- Opening Delimiter -
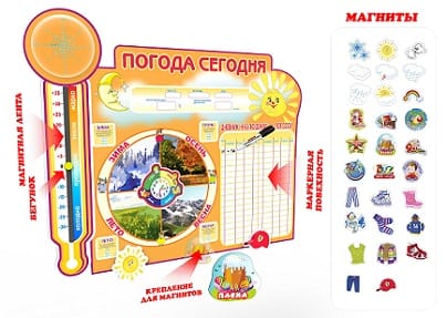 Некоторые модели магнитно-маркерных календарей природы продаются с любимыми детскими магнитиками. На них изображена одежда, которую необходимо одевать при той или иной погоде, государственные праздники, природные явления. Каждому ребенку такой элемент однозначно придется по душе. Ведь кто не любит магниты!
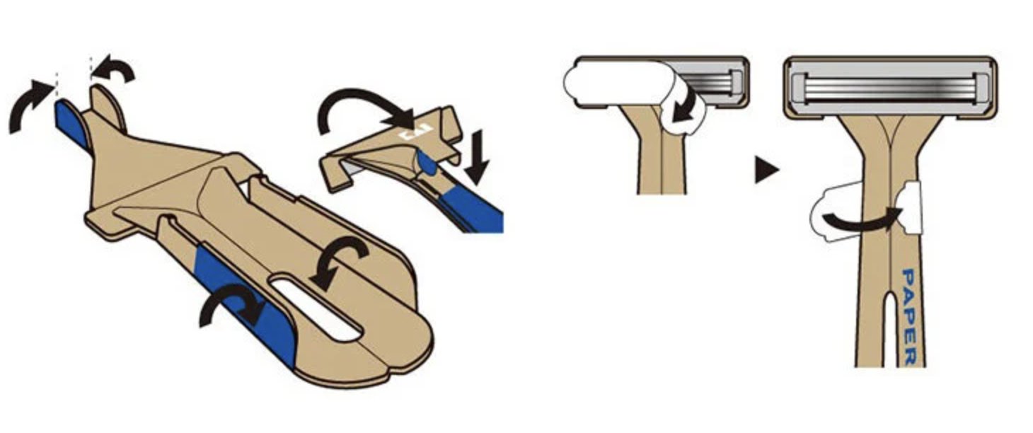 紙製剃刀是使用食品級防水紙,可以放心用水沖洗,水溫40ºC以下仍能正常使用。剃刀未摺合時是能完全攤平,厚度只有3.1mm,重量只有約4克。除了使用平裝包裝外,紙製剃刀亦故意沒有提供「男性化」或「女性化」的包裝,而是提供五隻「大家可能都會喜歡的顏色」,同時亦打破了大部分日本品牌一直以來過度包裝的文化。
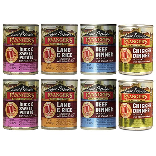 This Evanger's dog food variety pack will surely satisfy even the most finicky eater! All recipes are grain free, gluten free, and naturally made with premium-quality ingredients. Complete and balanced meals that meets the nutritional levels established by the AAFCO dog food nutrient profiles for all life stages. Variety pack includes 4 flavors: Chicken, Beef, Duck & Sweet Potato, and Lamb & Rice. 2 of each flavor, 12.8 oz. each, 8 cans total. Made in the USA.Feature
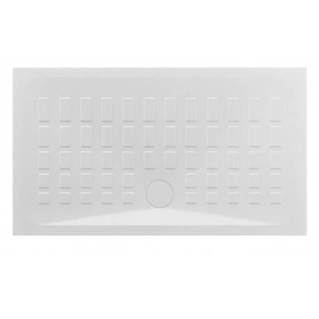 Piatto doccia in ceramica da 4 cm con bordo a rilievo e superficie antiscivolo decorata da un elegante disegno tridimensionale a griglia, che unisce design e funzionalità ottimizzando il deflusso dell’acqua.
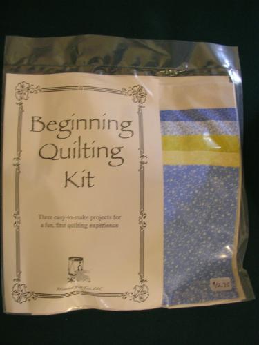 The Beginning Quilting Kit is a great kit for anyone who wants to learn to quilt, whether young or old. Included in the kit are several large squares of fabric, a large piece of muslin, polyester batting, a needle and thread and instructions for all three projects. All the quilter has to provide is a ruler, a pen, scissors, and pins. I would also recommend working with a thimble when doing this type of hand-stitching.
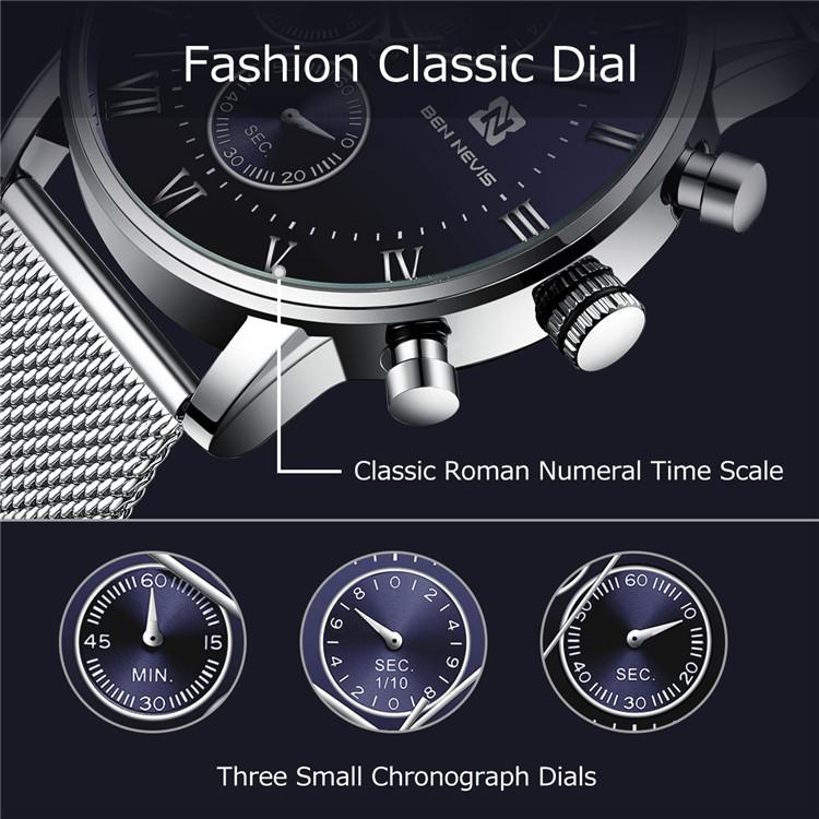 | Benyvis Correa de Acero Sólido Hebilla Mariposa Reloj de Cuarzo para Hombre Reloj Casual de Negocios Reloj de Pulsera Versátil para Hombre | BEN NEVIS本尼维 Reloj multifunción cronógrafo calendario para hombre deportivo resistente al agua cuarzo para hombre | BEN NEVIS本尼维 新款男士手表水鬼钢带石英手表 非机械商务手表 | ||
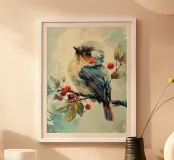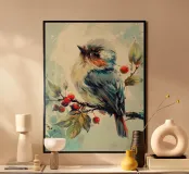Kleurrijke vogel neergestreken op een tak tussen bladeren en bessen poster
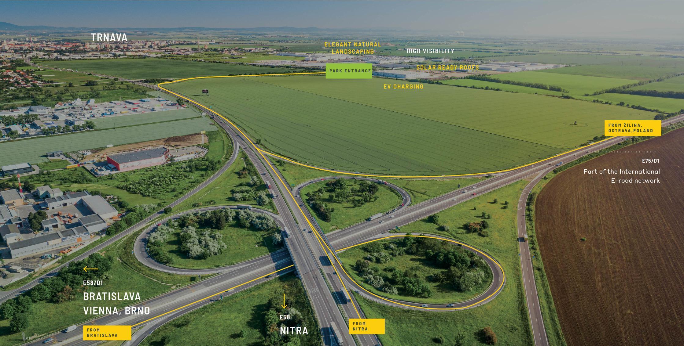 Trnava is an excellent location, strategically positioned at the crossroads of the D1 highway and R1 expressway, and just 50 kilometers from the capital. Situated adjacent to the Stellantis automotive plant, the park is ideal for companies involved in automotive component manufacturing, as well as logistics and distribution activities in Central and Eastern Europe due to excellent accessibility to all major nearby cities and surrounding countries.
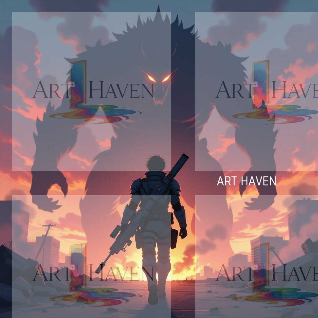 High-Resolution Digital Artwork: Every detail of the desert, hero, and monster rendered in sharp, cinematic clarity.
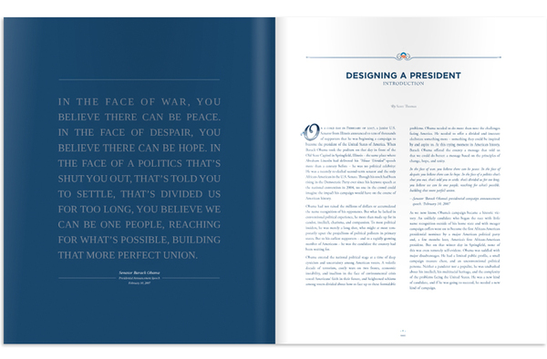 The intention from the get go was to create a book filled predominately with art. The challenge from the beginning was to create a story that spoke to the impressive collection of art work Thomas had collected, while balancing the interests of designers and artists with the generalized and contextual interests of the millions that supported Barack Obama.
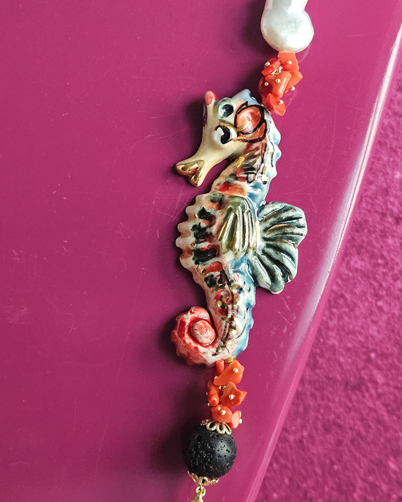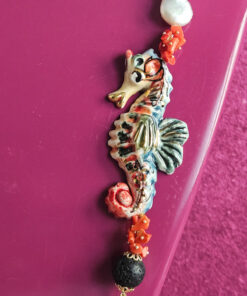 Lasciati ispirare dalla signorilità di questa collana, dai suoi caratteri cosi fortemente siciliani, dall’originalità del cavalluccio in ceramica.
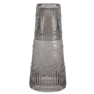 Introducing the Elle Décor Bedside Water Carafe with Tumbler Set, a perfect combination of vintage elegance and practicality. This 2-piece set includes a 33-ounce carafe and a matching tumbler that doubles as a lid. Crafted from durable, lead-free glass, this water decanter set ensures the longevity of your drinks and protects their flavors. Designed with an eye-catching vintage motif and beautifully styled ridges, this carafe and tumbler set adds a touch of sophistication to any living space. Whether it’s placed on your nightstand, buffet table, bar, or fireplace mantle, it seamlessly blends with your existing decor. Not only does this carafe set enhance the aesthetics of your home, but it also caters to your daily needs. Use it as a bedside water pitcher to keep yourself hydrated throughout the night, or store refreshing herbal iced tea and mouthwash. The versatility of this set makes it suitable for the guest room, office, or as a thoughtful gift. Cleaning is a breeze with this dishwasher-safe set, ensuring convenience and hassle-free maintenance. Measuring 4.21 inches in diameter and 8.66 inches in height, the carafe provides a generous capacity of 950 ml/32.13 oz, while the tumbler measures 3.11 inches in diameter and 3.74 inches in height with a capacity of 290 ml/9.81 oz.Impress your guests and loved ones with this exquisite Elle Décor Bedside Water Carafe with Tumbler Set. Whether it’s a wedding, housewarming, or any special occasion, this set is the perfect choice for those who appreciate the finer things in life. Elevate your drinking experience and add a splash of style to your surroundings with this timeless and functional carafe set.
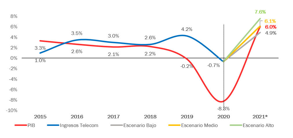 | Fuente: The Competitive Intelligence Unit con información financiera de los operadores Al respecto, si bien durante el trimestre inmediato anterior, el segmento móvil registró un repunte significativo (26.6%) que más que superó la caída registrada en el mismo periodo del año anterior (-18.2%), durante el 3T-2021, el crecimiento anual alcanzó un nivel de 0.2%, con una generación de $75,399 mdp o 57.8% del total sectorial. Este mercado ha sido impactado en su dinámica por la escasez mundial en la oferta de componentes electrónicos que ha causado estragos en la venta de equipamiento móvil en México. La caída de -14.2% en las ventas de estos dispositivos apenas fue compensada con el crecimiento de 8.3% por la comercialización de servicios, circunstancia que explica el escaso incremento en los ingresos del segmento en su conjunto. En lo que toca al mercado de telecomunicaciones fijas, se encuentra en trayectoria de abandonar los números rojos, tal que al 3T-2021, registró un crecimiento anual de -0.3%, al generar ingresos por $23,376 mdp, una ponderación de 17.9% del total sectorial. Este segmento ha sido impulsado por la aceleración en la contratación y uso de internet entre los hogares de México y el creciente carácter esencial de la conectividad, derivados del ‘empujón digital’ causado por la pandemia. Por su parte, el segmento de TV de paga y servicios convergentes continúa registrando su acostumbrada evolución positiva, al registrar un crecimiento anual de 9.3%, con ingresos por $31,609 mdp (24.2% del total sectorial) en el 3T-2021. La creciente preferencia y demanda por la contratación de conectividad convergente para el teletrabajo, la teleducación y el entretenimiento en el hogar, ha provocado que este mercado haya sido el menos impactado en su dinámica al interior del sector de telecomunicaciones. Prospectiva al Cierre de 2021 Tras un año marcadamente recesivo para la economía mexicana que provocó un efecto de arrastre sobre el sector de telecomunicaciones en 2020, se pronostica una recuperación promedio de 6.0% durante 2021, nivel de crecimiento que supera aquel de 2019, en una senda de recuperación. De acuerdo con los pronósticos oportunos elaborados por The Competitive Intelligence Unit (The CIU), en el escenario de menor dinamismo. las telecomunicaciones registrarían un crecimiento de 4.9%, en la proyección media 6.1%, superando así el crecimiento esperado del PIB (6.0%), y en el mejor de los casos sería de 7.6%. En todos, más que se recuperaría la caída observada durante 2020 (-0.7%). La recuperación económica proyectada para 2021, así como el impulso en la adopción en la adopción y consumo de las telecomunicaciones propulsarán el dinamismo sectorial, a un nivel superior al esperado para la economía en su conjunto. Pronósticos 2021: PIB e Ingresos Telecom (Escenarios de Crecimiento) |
- Closing Delimiter -
▸ WORK ITEM: Word for word, quote the lines above. Omit the pictures.

▸ TASK SOLUTION:
 Некоторые модели магнитно-маркерных календарей природы продаются с любимыми детскими магнитиками. На них изображена одежда, которую необходимо одевать при той или иной погоде, государственные праздники, природные явления. Каждому ребенку такой элемент однозначно придется по душе. Ведь кто не любит магниты!
 紙製剃刀是使用食品級防水紙,可以放心用水沖洗,水溫40ºC以下仍能正常使用。剃刀未摺合時是能完全攤平,厚度只有3.1mm,重量只有約4克。除了使用平裝包裝外,紙製剃刀亦故意沒有提供「男性化」或「女性化」的包裝,而是提供五隻「大家可能都會喜歡的顏色」,同時亦打破了大部分日本品牌一直以來過度包裝的文化。
 This Evanger's dog food variety pack will surely satisfy even the most finicky eater! All recipes are grain free, gluten free, and naturally made with premium-quality ingredients. Complete and balanced meals that meets the nutritional levels established by the AAFCO dog food nutrient profiles for all life stages. Variety pack includes 4 flavors: Chicken, Beef, Duck & Sweet Potato, and Lamb & Rice. 2 of each flavor, 12.8 oz. each, 8 cans total. Made in the USA.Feature
 Piatto doccia in ceramica da 4 cm con bordo a rilievo e superficie antiscivolo decorata da un elegante disegno tridimensionale a griglia, che unisce design e funzionalità ottimizzando il deflusso dell’acqua.
 The Beginning Quilting Kit is a great kit for anyone who wants to learn to quilt, whether young or old. Included in the kit are several large squares of fabric, a large piece of muslin, polyester batting, a needle and thread and instructions for all three projects. All the quilter has to provide is a ruler, a pen, scissors, and pins. I would also recommend working with a thimble when doing this type of hand-stitching.
 | Benyvis Correa de Acero Sólido Hebilla Mariposa Reloj de Cuarzo para Hombre Reloj Casual de Negocios Reloj de Pulsera Versátil para Hombre | BEN NEVIS本尼维 Reloj multifunción cronógrafo calendario para hombre deportivo resistente al agua cuarzo para hombre | BEN NEVIS本尼维 新款男士手表水鬼钢带石英手表 非机械商务手表 | ||
Kleurrijke vogel neergestreken op een tak tussen bladeren en bessen poster
 Trnava is an excellent location, strategically positioned at the crossroads of the D1 highway and R1 expressway, and just 50 kilometers from the capital. Situated adjacent to the Stellantis automotive plant, the park is ideal for companies involved in automotive component manufacturing, as well as logistics and distribution activities in Central and Eastern Europe due to excellent accessibility to all major nearby cities and surrounding countries.
 High-Resolution Digital Artwork: Every detail of the desert, hero, and monster rendered in sharp, cinematic clarity.
 The intention from the get go was to create a book filled predominately with art. The challenge from the beginning was to create a story that spoke to the impressive collection of art work Thomas had collected, while balancing the interests of designers and artists with the generalized and contextual interests of the millions that supported Barack Obama.
 Lasciati ispirare dalla signorilità di questa collana, dai suoi caratteri cosi fortemente siciliani, dall’originalità del cavalluccio in ceramica.
 Introducing the Elle Décor Bedside Water Carafe with Tumbler Set, a perfect combination of vintage elegance and practicality. This 2-piece set includes a 33-ounce carafe and a matching tumbler that doubles as a lid. Crafted from durable, lead-free glass, this water decanter set ensures the longevity of your drinks and protects their flavors. Designed with an eye-catching vintage motif and beautifully styled ridges, this carafe and tumbler set adds a touch of sophistication to any living space. Whether it’s placed on your nightstand, buffet table, bar, or fireplace mantle, it seamlessly blends with your existing decor. Not only does this carafe set enhance the aesthetics of your home, but it also caters to your daily needs. Use it as a bedside water pitcher to keep yourself hydrated throughout the night, or store refreshing herbal iced tea and mouthwash. The versatility of this set makes it suitable for the guest room, office, or as a thoughtful gift. Cleaning is a breeze with this dishwasher-safe set, ensuring convenience and hassle-free maintenance. Measuring 4.21 inches in diameter and 8.66 inches in height, the carafe provides a generous capacity of 950 ml/32.13 oz, while the tumbler measures 3.11 inches in diameter and 3.74 inches in height with a capacity of 290 ml/9.81 oz.Impress your guests and loved ones with this exquisite Elle Décor Bedside Water Carafe with Tumbler Set. Whether it’s a wedding, housewarming, or any special occasion, this set is the perfect choice for those who appreciate the finer things in life. Elevate your drinking experience and add a splash of style to your surroundings with this timeless and functional carafe set.
 | Fuente: The Competitive Intelligence Unit con información financiera de los operadores Al respecto, si bien durante el trimestre inmediato anterior, el segmento móvil registró un repunte significativo (26.6%) que más que superó la caída registrada en el mismo periodo del año anterior (-18.2%), durante el 3T-2021, el crecimiento anual alcanzó un nivel de 0.2%, con una generación de $75,399 mdp o 57.8% del total sectorial. Este mercado ha sido impactado en su dinámica por la escasez mundial en la oferta de componentes electrónicos que ha causado estragos en la venta de equipamiento móvil en México. La caída de -14.2% en las ventas de estos dispositivos apenas fue compensada con el crecimiento de 8.3% por la comercialización de servicios, circunstancia que explica el escaso incremento en los ingresos del segmento en su conjunto. En lo que toca al mercado de telecomunicaciones fijas, se encuentra en trayectoria de abandonar los números rojos, tal que al 3T-2021, registró un crecimiento anual de -0.3%, al generar ingresos por $23,376 mdp, una ponderación de 17.9% del total sectorial. Este segmento ha sido impulsado por la aceleración en la contratación y uso de internet entre los hogares de México y el creciente carácter esencial de la conectividad, derivados del ‘empujón digital’ causado por la pandemia. Por su parte, el segmento de TV de paga y servicios convergentes continúa registrando su acostumbrada evolución positiva, al registrar un crecimiento anual de 9.3%, con ingresos por $31,609 mdp (24.2% del total sectorial) en el 3T-2021. La creciente preferencia y demanda por la contratación de conectividad convergente para el teletrabajo, la teleducación y el entretenimiento en el hogar, ha provocado que este mercado haya sido el menos impactado en su dinámica al interior del sector de telecomunicaciones. Prospectiva al Cierre de 2021 Tras un año marcadamente recesivo para la economía mexicana que provocó un efecto de arrastre sobre el sector de telecomunicaciones en 2020, se pronostica una recuperación promedio de 6.0% durante 2021, nivel de crecimiento que supera aquel de 2019, en una senda de recuperación. De acuerdo con los pronósticos oportunos elaborados por The Competitive Intelligence Unit (The CIU), en el escenario de menor dinamismo. las telecomunicaciones registrarían un crecimiento de 4.9%, en la proyección media 6.1%, superando así el crecimiento esperado del PIB (6.0%), y en el mejor de los casos sería de 7.6%. En todos, más que se recuperaría la caída observada durante 2020 (-0.7%). La recuperación económica proyectada para 2021, así como el impulso en la adopción en la adopción y consumo de las telecomunicaciones propulsarán el dinamismo sectorial, a un nivel superior al esperado para la economía en su conjunto. Pronósticos 2021: PIB e Ingresos Telecom (Escenarios de Crecimiento) |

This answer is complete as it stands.